Artist: Gabriel Guzman

Colorist: Michael Atiyeh

Review by Suzanne Nagda

What makes myths so powerful? How do people shape myths, and how do myths influence people and societies? In Star Wars #1, Tim Siedell dabbles in meta-commentary with the tale of Darth Vader’s rise to power. A clone of the bounty hunter, Jango Fett, gives his impressions of Darth Vader’s battle against the Jedi from a sympathetic perspective. That adds an interesting wrinkle to an otherwise formulaic first issue.
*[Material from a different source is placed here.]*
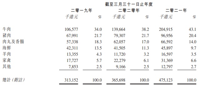 回顾2019至2021三个财年,牛肉的收入维持最大占比,其次为猪肉。几乎每项产品的收入都维持逐年上涨,总收入也同样保持增长,复合年增长率为23.2%。值得注意的是,2020财年的业绩并没有因为疫情,而出现下滑。
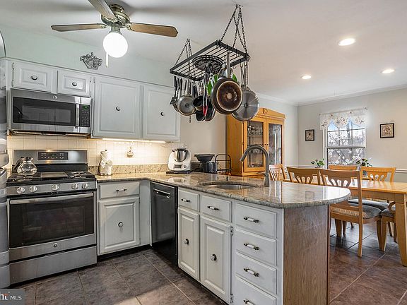 Welcome to 2438 Hillendale Dr! Located in the lovely Regents Park Community, This townhome has been beautifully upgraded and lovingly maintained and is ready for its new owners. New steps lead into the home with a Pella storm door to let in the light. Inside, you'll find recessed lighting, crown moulding and chair rail throughout the main level with neutral paint and 6 panel doors throughout the entire home. T he spacious living room has a large bay window, coat closet near the front door and easy care wood plank luxury vinyl tile (2019). Continue down a hallway past a convenient powder room to the heart of the home - a warm inviting open floor plan perfect for every day living with ceramic tile floors! The kitchen has loads of storage space and gorgeous granite counters, including a long breakfast peninsula. There is a ceiling fan, under cabinet lighting, tiled backsplash, pot rack and deep undermount stainless steel sink with disposal and gooseneck faucet. Appliances include a Bosch dishwasher, stainless Whirlpool refrigerator and stainless GE Adora built-in microwave and gas stove with griddle. Open to the kitchen is a large relaxing area perfect for guests or just enjoying your cup of coffee, giving you plenty of room for a large dining table and chairs. This area has a lovely wood burning fireplace with a raised brick hearth and mantle and sliding doors leading to the deck overlooking green space and a wooded area. A turned staircase with newer carpet leads to the upper levels of this home. On the second floor is a primary suite, two secondary bedrooms with double closets, a hall closet and a second full bath with a linen closet, tile floors and tub with tiled shower surround. The primary suite boasts a light and bright bedroom with a double closet, a make-up area with a walk-in closet and a large bath featuring double sinks, tiled floors, stall shower and Jacuzzi tub. On the third level, even more living space has been created that could be used as a 4th bedroom. And there's more! This home has an expansive finished walk-out basement with a huge family room with recessed lighting, Berber carpet, double window and door accessing a patio and the rear yard. This level also has tons of storage and a laundry area with LG washer and Samsung dryer included. So much has been done to ensure this home is move-in ready and maintenance free for you including a new roof and Heil furnace in 2015, Ecobee thermostat, Bradford White hot water heater and a One Year AHS home warranty for peace of mind. Take advantage of all the conveniences of living in Eagleville with easy access to the train station and commuting routes, parks, dining, shopping and entertainment. Make your appointment today and start packing!

The clone of Jango Fett spends most of the book talking about the Jedi and what makes them unique. When you think about it–are the Jedi the only worthy warriors in the Galaxy? Can they become cowardly or weak like average people? This clone reflects on his experience fighting alongside Jedi who range from fearless warriors to more fallible individuals. In contrast, he recognizes the power of Darth Vader as a myth, a tale to rally behind. Because he’s a clone, there’s some I, Robot themes running through the issue as well. Are clones created with a purpose as individuals? Or are they just another cog in the machine? The book presents some promising themes, but unfortunately they fail to deliver a larger, cohesive narrative.

This issue amounts to one big flashback scene which really hampers the pacing of the issue. There’s no sense of excitement or urgency because nothing substantial happens in present time. No actual dialogue or relevant character interaction happen. Instead, the clone flashes back to earlier battles and his solitary travels in the present. That doesn’t give the reader much to hang onto, but it does set up some plot threads for future issues. Just having some basic interaction with a supporting cast would improve this issue tremendously.

While the artwork is perfectly serviceable, I would like to see a greater range of facial expressions. The clone spends most of the issue “glowering” in several close-up panels. Yet it’s unclear whether his limited range of emotion is intentional for the clone or part of Gabriel Guzman’s style.

The Verdict: Pass. Aside from some interesting themes, there’s not much new here. Darth Vader’s a badass and changes the Galaxy forever. We all know that. I’d try out another issue to see how Tim Siedell progresses the story and whether the series gains some traction from here.